ROMA «E' come scalare una montagna a piedi nudi, ma provo davvero a trovare un'intesa su come correggere l'Italicum». Matteo Orfini, da sotto l'ombrellone, veste i panni del mediatore. E la mediazione, in casa Pd, è lo sport del momento. Con una eccezione di tutto riguardo: Matteo Renzi resta alla finestra, attende il 4 ottobre, giorno in cui la Consulta si pronuncerà sulla legge elettorale osteggiata dalla minoranza dem e da mezzo Parlamento. Grillini esclusi. «Solo dopo il giudizio della Corte costituzionale, Matteo scoprirà le carte. Se la Consulta darà giudizio di legittimità, l'Italicum resterà così com'è.
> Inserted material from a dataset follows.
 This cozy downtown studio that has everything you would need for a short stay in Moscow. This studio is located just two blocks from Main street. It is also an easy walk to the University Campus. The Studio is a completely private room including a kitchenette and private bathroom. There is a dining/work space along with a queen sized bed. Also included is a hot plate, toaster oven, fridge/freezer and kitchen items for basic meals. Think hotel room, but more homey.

Se avanzerà eccezioni o perplessità si aprirà, invece, il cantiere per una nuova versione della legge elettorale», dice un renziano di rango che in queste ore ha parlato con il premier, «ma in ogni caso la direttrice di marcia resta quella di sempre: non toccare nulla fino al referendum costituzionale. Poi, si vedrà».
 
MEDIATORI AL LAVORO
Nell'attesa, si moltiplicano i pontieri e i mediatori. Oltre al presidente del partito Orfini, venerdì si è mosso il ministro della Giustizia Andrea Orlando. Il leader dei giovani turchi ha detto più o meno ciò che ha affermato a più riprese il suo compagno di corrente Orfini: «Sarebbe ragionevole, alla luce di un sistema diventato ormai tripolare, una norma che eviti il doppio turno». Parole apprezzate dalla minoranza con Miguel Gotor. E rilanciate venerdì alla festa dell'Unità di Reggio Emilia da Vasco Errani, in campo da qualche giorno come elemento di cerniera tra renziani e sinistra interna: «Il Pd deve avere la capacità di ascoltare anche le ragioni del no al referendum, costruendo un nuovo equilibrio tra la riforma costituzionale e la legge elettorale. Serve un'iniziativa politica di tutto il partito».
Ed è l'iniziativa cui, sottotraccia, lavorano appunto Orfini e Orlando. Ma anche il ministro della Cultura, Dario Franceschini che il 4 luglio, in occasione della riunione della Direzione dem, propose di abbandonare il premio alla lista per abbracciare il premio alla coalizione invocato da centristi di Angelino Alfano e dal centrodestra che, in questo modo, avrebbe più probabilità di raggiungere una coabitazione tollerabile. Tra l'altro perfino Giorgio Napolitano, sempre in luglio, aveva disconosciuto la legge elettorale di cui è stato padre putativo: «Con un sistema tripolare va considerata una revisione dell'Italicum, il ballottaggio infatti rischia di affidare il governo del Paese a una forza politica di troppa ristretta legittimazione al primo turno». Traduzione: i Cinquestelle che, come hanno dimostrato le elezioni comunali di Torino e Roma, al secondo turno rastrellano voti sia a destra che a sinistra.

L'ATTESA DELLA CONSULTA
Il problema, però, è che fino al 4 ottobre Renzi intende restare a guardare per non offrire il destro a Beppe Grillo, che già l'accusa di voler cambiare l'Italicum per non far vincere i Cinquestelle. E perché sa bene che fino alla sentenza della Consulta e, più probabilmente fino al referendum di novembre, anche chi è interessato alla revisione della legge elettorale se ne starà rintanato.
Una impostazione non condivisa dai vari Orlando, Orfini e Franceschini. Così, nell'attesa, la squadra dei pontieri è determinata a verificare (con centristi, forzisti e sinistra) se esistano margini per saldare in Parlamento una maggioranza con cui cambiare l'Italicum e cancellare il ballottaggio. «Del resto», spiega Orfini, «Renzi non ha posto veti. Ha detto che se una maggioranza si trova, lui non si metterà di traverso. Tentare il dialogo serve per lo meno a svelenire il clima».